Non è che non ci abbia provato

In Mentors and Lectures, Wine Insights & Thoughts by Alessandro PepeLeave a Comment

Non è che non ci abbia provato.

Non è che non ci abbia provato. Cosa credete?

Almeno una decina di volte l’anno, negli ultimi 15 anni.

Mi siedo davanti al computer e dico: adesso lo faccio. Lo fanno tutti, cavolo! Cosa ci vuole?

Basta poco, le parole sono più o meno quelle, basta invertirle, aggiungere qualche intercalare, una nota di colore, un paio di aneddoti ed è fatta. Si tratta in fondo di poche righe…

Ma niente. Non ci riesco. Se non ci credete, adesso ci provo in diretta. 

Subito l’impatto aromatico è di quelli che ti lasci….

Visto? Non ci riesco.

Si blocca proprio la tastiera. Una curiosa forma di afonia dattilografica.

Quindi la questione è questa

In 20 anni di degustazioni di vino non ho mai, e dico mai, scritto una recensione o una scheda di un vino.

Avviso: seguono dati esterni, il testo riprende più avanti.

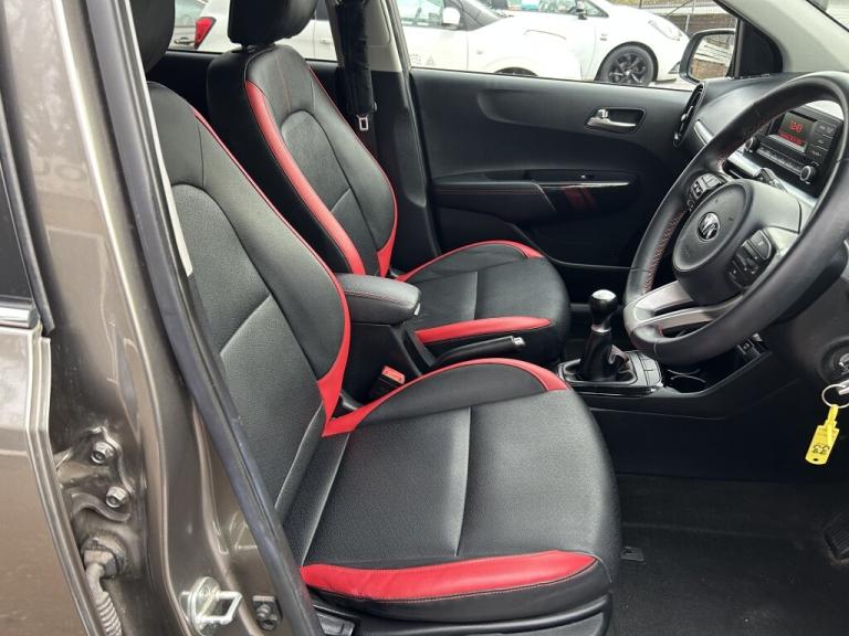 44825 miles. This 2017 Kia Picanto GT-Line boasts a full dealership service history, ensuring its excellent provenance. This one owner vehicle has been meticulously maintained, with its last service completed on 2 October 2025 at 43,957 miles. It features a 1.25 litre petrol engine and meets Euro 6 emissions standards. For your peace of mind, a 12 month MOT will be provided upon purchase, and a clear vehicle history check confirms its sound condition. The GT-Line trim also includes air conditioning for your comfort.The Kia Picanto GT-Line offers several advantages over similar vehicles. Its impressive fuel economy of 61 miles per gallon means fewer trips to the petrol station. Furthermore, its low insurance group rating contributes to lower running costs, making it an economical choice. The low CO2 emissions also highlight its efficiency and environmental consideration. 12v Socket, Air Conditioning, Bluetooth Preparation (Phone), Cupholders, Front Electric Windows, Fuel Computer, Height Adjustable Drivers Seat, Privacy Glass, Split Rear Seats, Steering Column - Adjustable, USB and AUX, Leather Steering Wheel, Power Assisted Steering (PAS), Anti Lock Brakes, Auto On Headlights, Curtain Airbags, Driver Airbag, Electronic Stability Programme (ESP), Front Fog Lights, ISOFIX, Alarm, Remote Central Locking, Faux Leather Upholstery, Solid Paint, Alloy Wheels.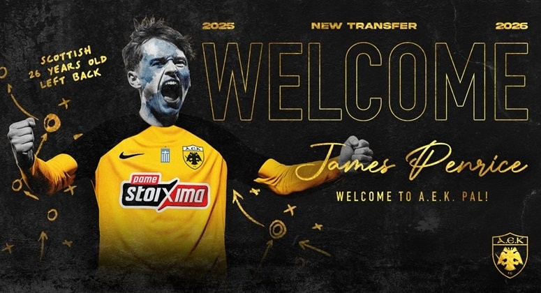 Ο Τζέιμς Πενράις αποτελεί και επίσημα ποδοσφαιριστή της ΑΕΚ, με τους κιτρινόμαυρους να ανακοινώνουν το Σάββατο (5/7) την απόκτηση του Σκωτσέζου μπακ.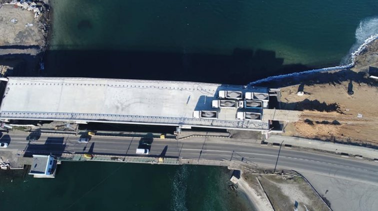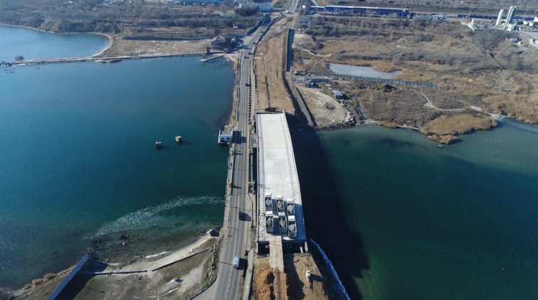 Возведение 100-метрового моста через Сухой лиман продолжается и недавно проведено испытание конструкции на прочность.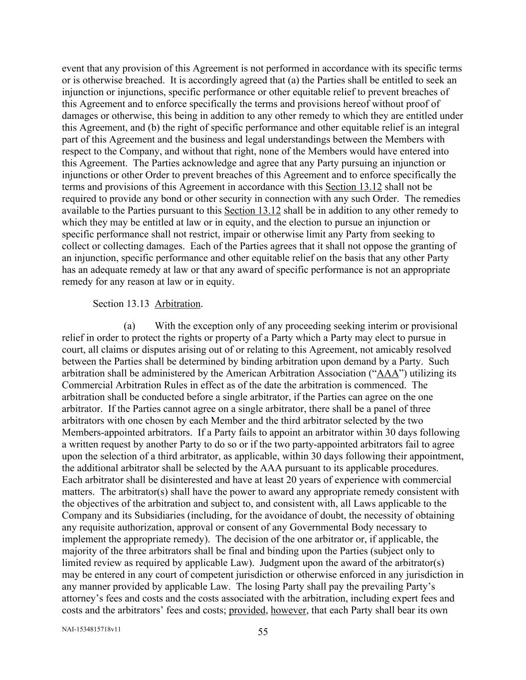 NAI-1534815718v11 55 event that any provision of this Agreement is not performed in accordance with its specific terms or is otherwise breached. It is accordingly agreed that (a) the Parties shall be entitled to seek an injunction or injunctions, specific performance or other equitable relief to prevent breaches of this Agreement and to enforce specifically the terms and provisions hereof without proof of damages or otherwise, this being in addition to any other remedy to which they are entitled under this Agreement, and (b) the right of specific performance and other equitable relief is an integral part of this Agreement and the business and legal understandings between the Members with respect to the Company, and without that right, none of the Members would have entered into this Agreement. The Parties acknowledge and agree that any Party pursuing an injunction or injunctions or other Order to prevent breaches of this Agreement and to enforce specifically the terms and provisions of this Agreement in accordance with this Section 13.12 shall not be required to provide any bond or other security in connection with any such Order. The remedies available to the Parties pursuant to this Section 13.12 shall be in addition to any other remedy to which they may be entitled at law or in equity, and the election to pursue an injunction or specific performance shall not restrict, impair or otherwise limit any Party from seeking to collect or collecting damages. Each of the Parties agrees that it shall not oppose the granting of an injunction, specific performance and other equitable relief on the basis that any other Party has an adequate remedy at law or that any award of specific performance is not an appropriate remedy for any reason at law or in equity. Section 13.13 Arbitration. (a) With the exception only of any proceeding seeking interim or provisional relief in order to protect the rights or property of a Party which a Party may elect to pursue in court, all claims or disputes arising out of or relating to this Agreement, not amicably resolved between the Parties shall be determined by binding arbitration upon demand by a Party. Such arbitration shall be administered by the American Arbitration Association (“AAA”) utilizing its Commercial Arbitration Rules in effect as of the date the arbitration is commenced. The arbitration shall be conducted before a single arbitrator, if the Parties can agree on the one arbitrator. If the Parties cannot agree on a single arbitrator, there shall be a panel of three arbitrators with one chosen by each Member and the third arbitrator selected by the two Members-appointed arbitrators. If a Party fails to appoint an arbitrator within 30 days following a written request by another Party to do so or if the two party-appointed arbitrators fail to agree upon the selection of a third arbitrator, as applicable, within 30 days following their appointment, the additional arbitrator shall be selected by the AAA pursuant to its applicable procedures. Each arbitrator shall be disinterested and have at least 20 years of experience with commercial matters. The arbitrator(s) shall have the power to award any appropriate remedy consistent with the objectives of the arbitration and subject to, and consistent with, all Laws applicable to the Company and its Subsidiaries (including, for the avoidance of doubt, the necessity of obtaining any requisite authorization, approval or consent of any Governmental Body necessary to implement the appropriate remedy). The decision of the one arbitrator or, if applicable, the majority of the three arbitrators shall be final and binding upon the Parties (subject only to limited review as required by applicable Law). Judgment upon the award of the arbitrator(s) may be entered in any court of competent jurisdiction or otherwise enforced in any jurisdiction in any manner provided by applicable Law. The losing Party shall pay the prevailing Party’s attorney’s fees and costs and the costs associated with the arbitration, including expert fees and costs and the arbitrators’ fees and costs; provided, however, that each Party shall bear its own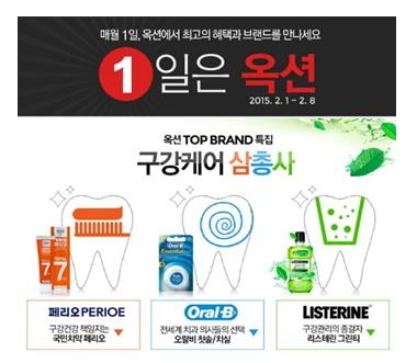 구강관리 캠페인으로 구강관리 순서를 맞추면 100% 경품이 당첨되는 이벤트를 진행한다. 이벤트 페이지에서 구강청결제와 칫솔질, 치실 사용의 바른 순서를 맞추면 최소 옥션포인트 100점을 제공하고, 추첨을 통해 구강용품패키지(리스테린 500ml, 페리오 마우스 스프레이, 오랄비 칫솔/700명) 등을 증정한다.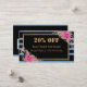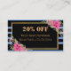 Listras modernas elegantes, pretas e pastéis e azuis poeirentas com borda de ouro flores agudas cor-de-água rosa e cartão de visita de desconto do código QR no fundo azul poeirento. Você pode mudar facilmente todos os detalhes, fontes, cor, tamanho e cor de fundo, frente e verso de ambos os lados. Substitua o seu próprio código QR no seu site na conta de mídia social.

Non ho mai scritto su carta cose come riflessi verdolini, volano alcolico, note di rosa afgana e provo un’invidia profonda per chi ci riesce. Perché per quanto mi riguarda il vino, in quanto tale, lascia il più delle volte senza parole. 

Giusto per chiarire.

La questione non è semantica o culturale

Stia tranquillo il mio amico Romanazzi perché non mi vado ad impelagare sulla questione del gusto che è culturalmente e socialmente definito [che è poi la versione elegante del commento da autobus: i gusti son gusti.. (oppure come diceva prosaicamente mio nonno: le opinioni ed i gusti sono come i testicoli, ognuno ci ha i suoi)].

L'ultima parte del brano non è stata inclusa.